- Opening Delimiter -

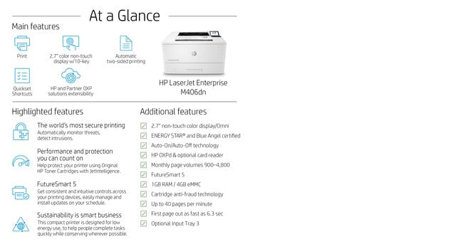 HP’s entry-level Enterprise-class printer with speeds up to 40 ppm[9] and strongest security.[1]
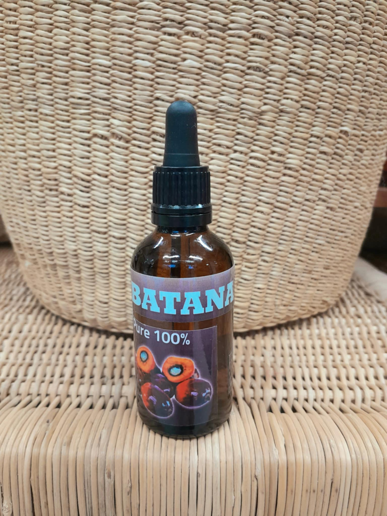 Luonnonmukainen, kylmäpuristettu batana-öljy. Vahvistaa ja korjaa vahingoittuneita hiuksia. Ravitsee ja tuo luontaista tasapainoa myös päänahkaan. Edistää hiusten kimmoisuutta ja kiiltoa. Batana-öljyä on perinteisesti käytetty hiusten kasvun edistämiseen ja kosteuttamiseen. 50ml. Pipettipullo. Pullotettu Suomessa. Alkuperämaa: Honduras. Pullottaja: Natural Beauty Shop Finland.
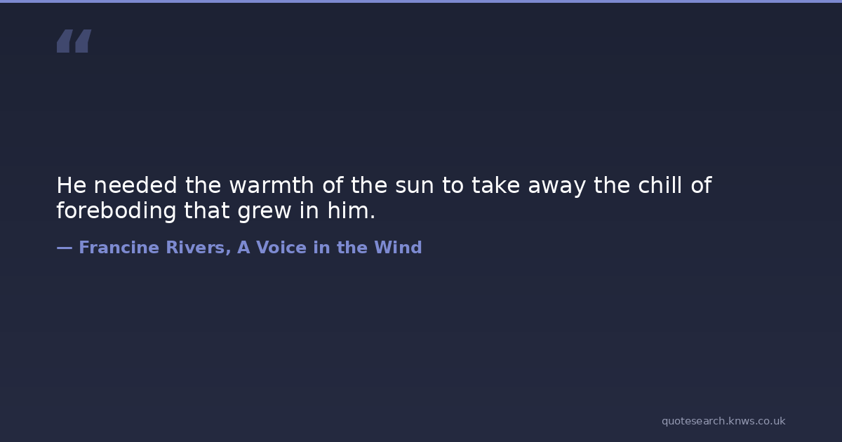 He needed the warmth of the sun to take away the chill of foreboding that grew in him.
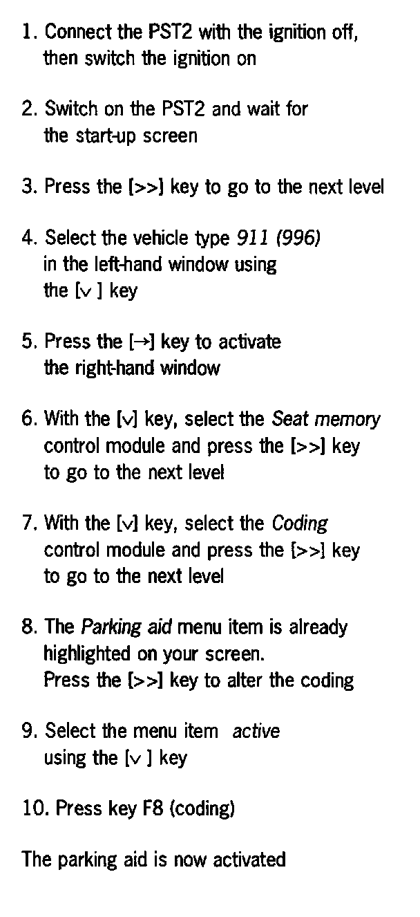 Procedure, Activating the parking aid
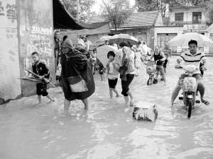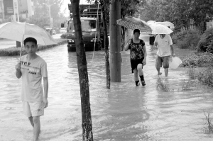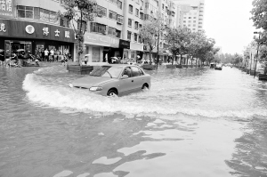 淮陽城區部分路段積水成災 晚報記者 杜欣 攝
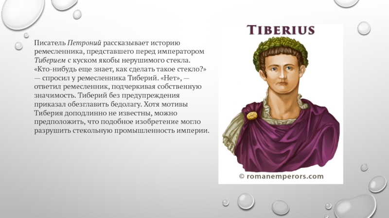 Слайд 8Писатель Петроний рассказывает историю ремесленника, представшего перед императором Тиберием с
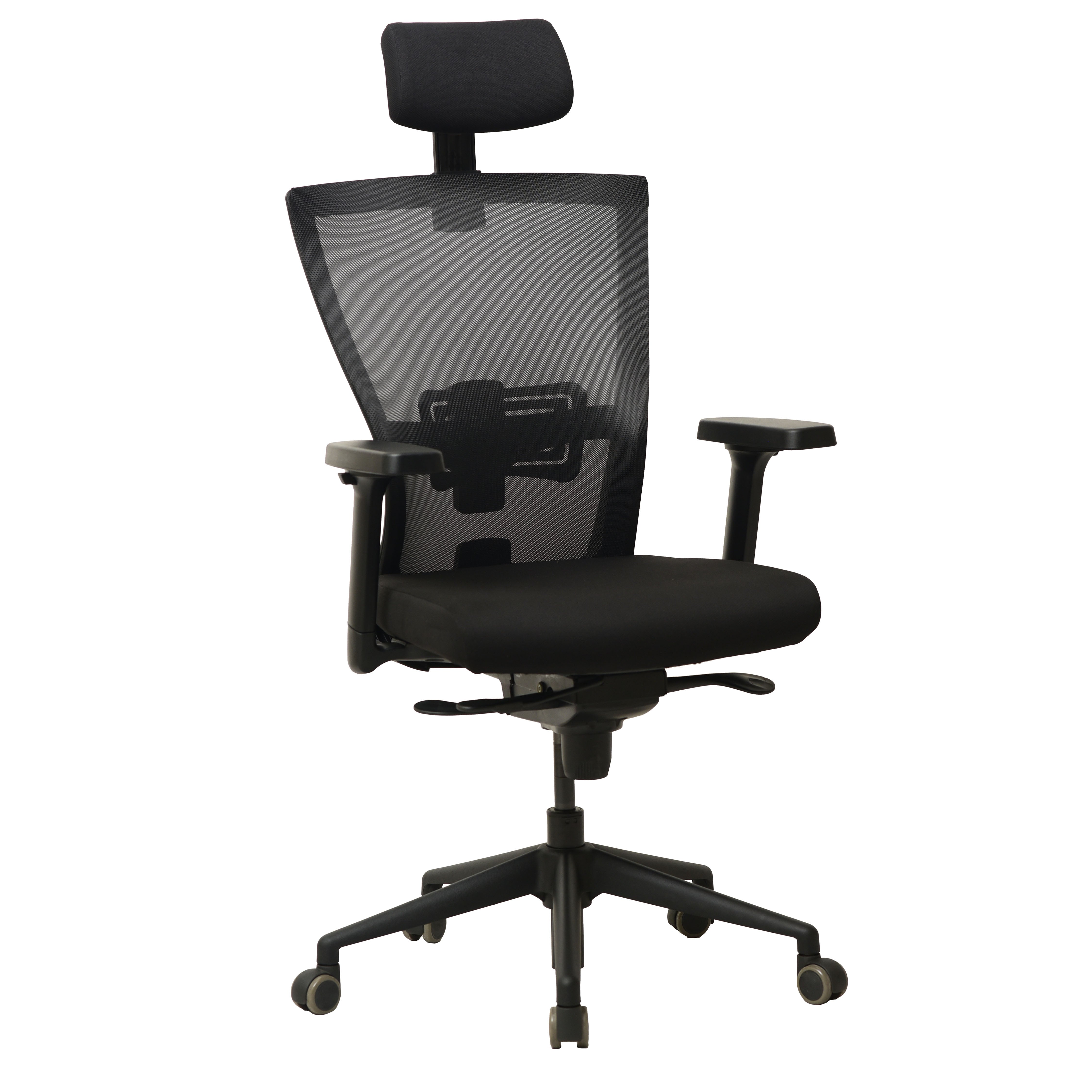 This office chair is designed for comfort and support. It has an adjustable headrest for neck support and a back pad to protect your lower back. The 3D PU armrests can be adjusted for the perfect arm position. The seat can slide forward or backward for a better fit. It also has a tilt mechanism that helps you sit in a comfortable and natural position.
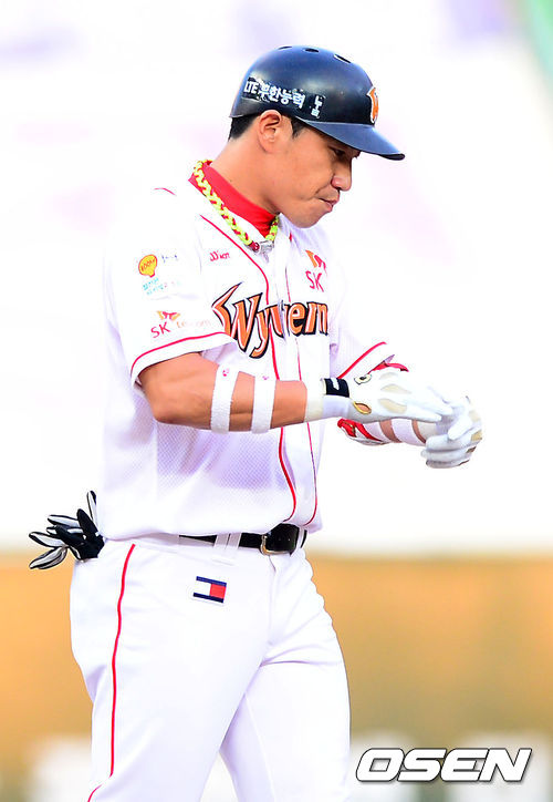 13일 오후 인천 문학구장에서 열린 SK 와이번스와 KIA 타이거즈의 경기, 1회말 1사 주자 만루 SK 김강민이 좌익수 왼쪽 역전 3타점 적시타를 날린 후 박수를 치고 있다.
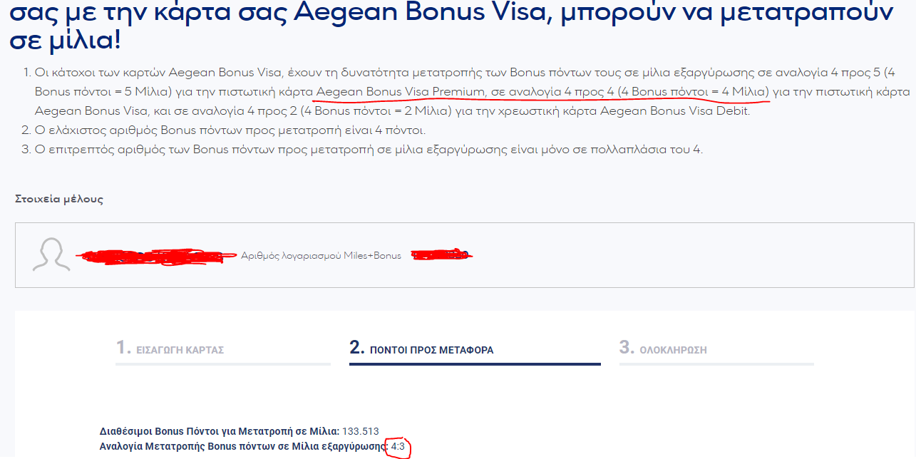1. Πως μετατρέπω χειροκίνητα πόντους bonus της κάρτας (κατάλαβα ότι από άλλες κάρτες bonus της Alpha πλέον δεν γίνεται) σε μίλια. Δεν το έχω βρει ακόμη.
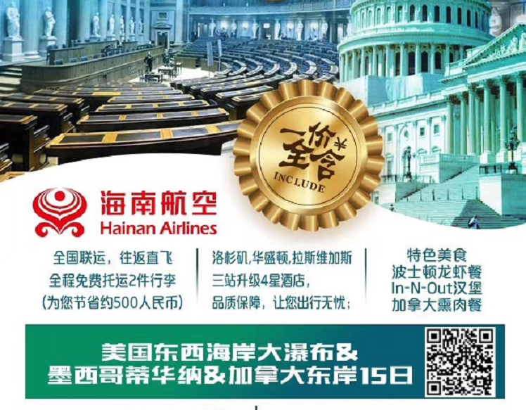 | 参考航班:待定乘机前往华盛顿,晚入住酒店休息。温馨提示:由于航班不确定因素,全天餐食自理,美国国内航班不提供餐食,请提前预备。 |
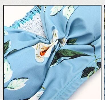 Z-20167 水着 ビキニ ハイウエスト ウエストゴム リボン フリル バンドゥ 太ストラップ ボトムス 花柄 アンティーク ポップ レトロ レディース 夏
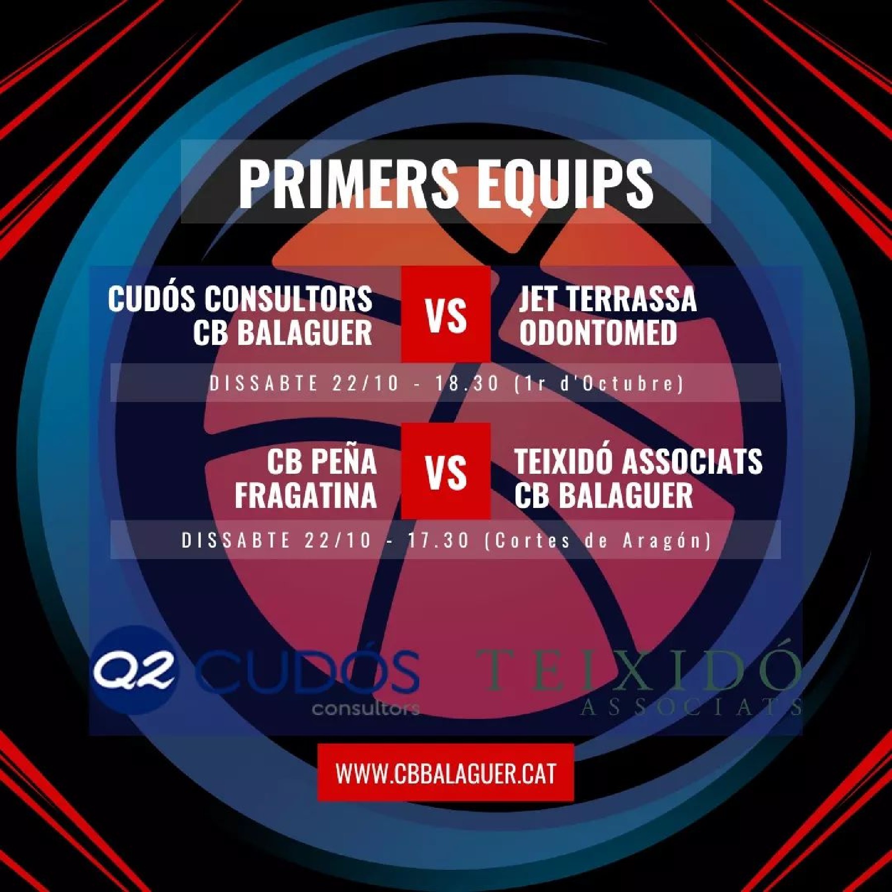 El Teixidó Associats del Club Bàsquet Balaguer visita aquest dissabte la pista de la Peña Fragatina. El Q2 Consultors rebrà també dissabte al JET Terrassa, un dels rivals complicats de la categoria
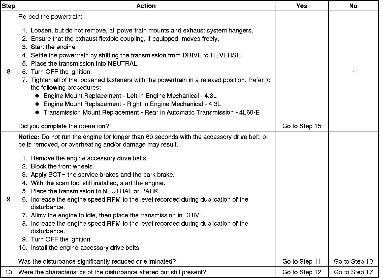 When loosening powertrain mounts in order to re-bed the powertrain observe the following:
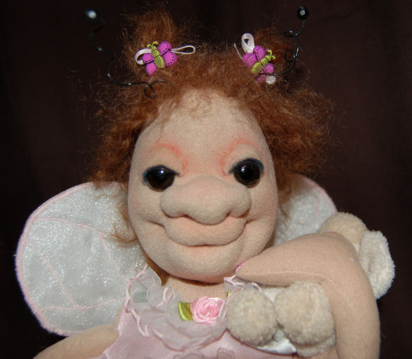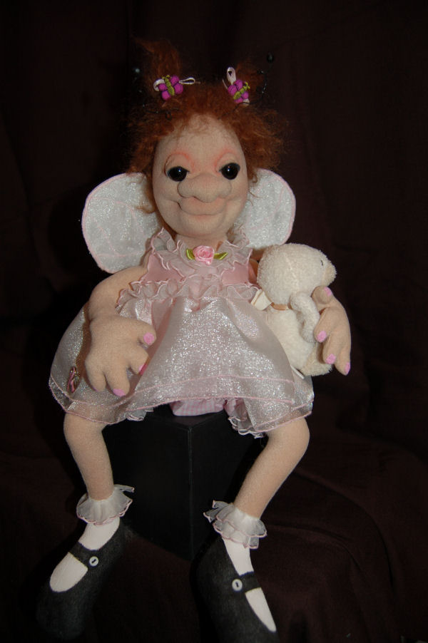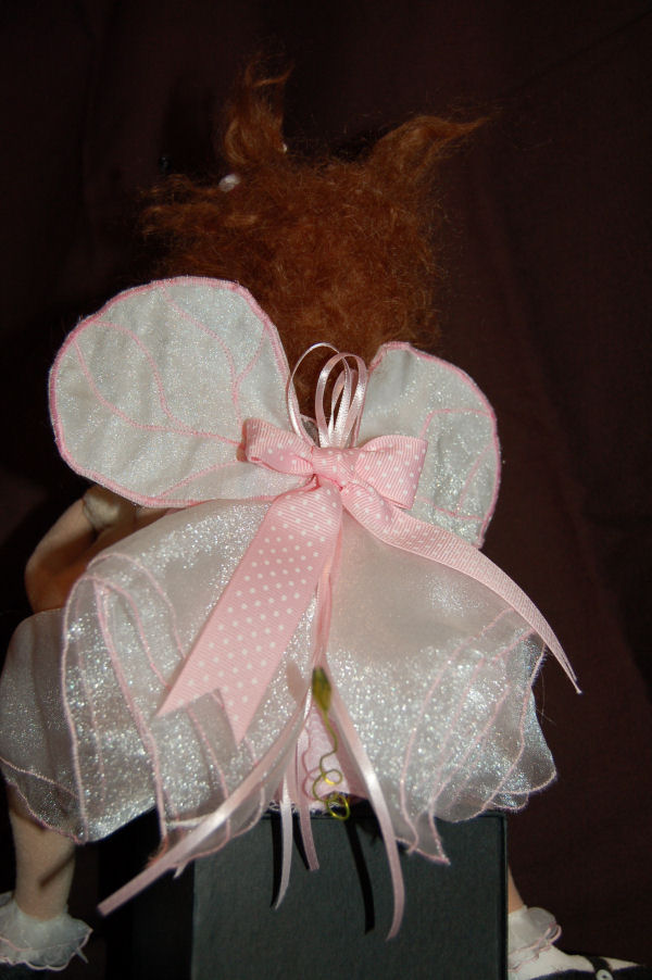Lillie June Bug is a baby girl waiting for her first birthday. Her mother tells her then her wings will be strong enough to fly. Her twin brother doesn't have his yet. Her dress is handmade with lots of lace. She carries a baby chick that was bought at the bug store. Her eyes are antique glass eyes from the late 50's. Her hair is mohair felted in and her skin is Bucksuede. Her socks and shoes are painted on trimmed in lace. She wears her mother's Breast Cancer pin.
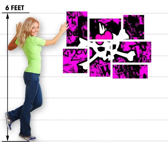 Punk Skull Princess - 7 Piece Fabric Peel and Stick Wall Skin Art (50x38 inches)
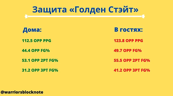 Одна из них – исторически разительный контраст между выступлениями команды дома (17-5) и в гостях (3-16). Такую впечатляющую разницу, прежде всего, делает защита «Уорриорз»: на своем паркете у них 4-я оборона в лиге, на чужом – 29-я. Для сравнения, в прошлом сезоне «Голден Стэйт» имели лучшую домашнюю оборону и аж 6-ю лучшую гостевую.

- Closing Delimiter -

Please restate the entries word for word. Skip the pictures.

 HP’s entry-level Enterprise-class printer with speeds up to 40 ppm[9] and strongest security.[1]
 Luonnonmukainen, kylmäpuristettu batana-öljy. Vahvistaa ja korjaa vahingoittuneita hiuksia. Ravitsee ja tuo luontaista tasapainoa myös päänahkaan. Edistää hiusten kimmoisuutta ja kiiltoa. Batana-öljyä on perinteisesti käytetty hiusten kasvun edistämiseen ja kosteuttamiseen. 50ml. Pipettipullo. Pullotettu Suomessa. Alkuperämaa: Honduras. Pullottaja: Natural Beauty Shop Finland.
 He needed the warmth of the sun to take away the chill of foreboding that grew in him.
 Procedure, Activating the parking aid
 淮陽城區部分路段積水成災 晚報記者 杜欣 攝
 Слайд 8Писатель Петроний рассказывает историю ремесленника, представшего перед императором Тиберием с
 This office chair is designed for comfort and support. It has an adjustable headrest for neck support and a back pad to protect your lower back. The 3D PU armrests can be adjusted for the perfect arm position. The seat can slide forward or backward for a better fit. It also has a tilt mechanism that helps you sit in a comfortable and natural position.
 13일 오후 인천 문학구장에서 열린 SK 와이번스와 KIA 타이거즈의 경기, 1회말 1사 주자 만루 SK 김강민이 좌익수 왼쪽 역전 3타점 적시타를 날린 후 박수를 치고 있다.
1. Πως μετατρέπω χειροκίνητα πόντους bonus της κάρτας (κατάλαβα ότι από άλλες κάρτες bonus της Alpha πλέον δεν γίνεται) σε μίλια. Δεν το έχω βρει ακόμη.
 | 参考航班:待定乘机前往华盛顿,晚入住酒店休息。温馨提示:由于航班不确定因素,全天餐食自理,美国国内航班不提供餐食,请提前预备。 |
 Z-20167 水着 ビキニ ハイウエスト ウエストゴム リボン フリル バンドゥ 太ストラップ ボトムス 花柄 アンティーク ポップ レトロ レディース 夏
 El Teixidó Associats del Club Bàsquet Balaguer visita aquest dissabte la pista de la Peña Fragatina. El Q2 Consultors rebrà també dissabte al JET Terrassa, un dels rivals complicats de la categoria
 When loosening powertrain mounts in order to re-bed the powertrain observe the following:
Lillie June Bug is a baby girl waiting for her first birthday. Her mother tells her then her wings will be strong enough to fly. Her twin brother doesn't have his yet. Her dress is handmade with lots of lace. She carries a baby chick that was bought at the bug store. Her eyes are antique glass eyes from the late 50's. Her hair is mohair felted in and her skin is Bucksuede. Her socks and shoes are painted on trimmed in lace. She wears her mother's Breast Cancer pin.
 Punk Skull Princess - 7 Piece Fabric Peel and Stick Wall Skin Art (50x38 inches)
 Одна из них – исторически разительный контраст между выступлениями команды дома (17-5) и в гостях (3-16). Такую впечатляющую разницу, прежде всего, делает защита «Уорриорз»: на своем паркете у них 4-я оборона в лиге, на чужом – 29-я. Для сравнения, в прошлом сезоне «Голден Стэйт» имели лучшую домашнюю оборону и аж 6-ю лучшую гостевую.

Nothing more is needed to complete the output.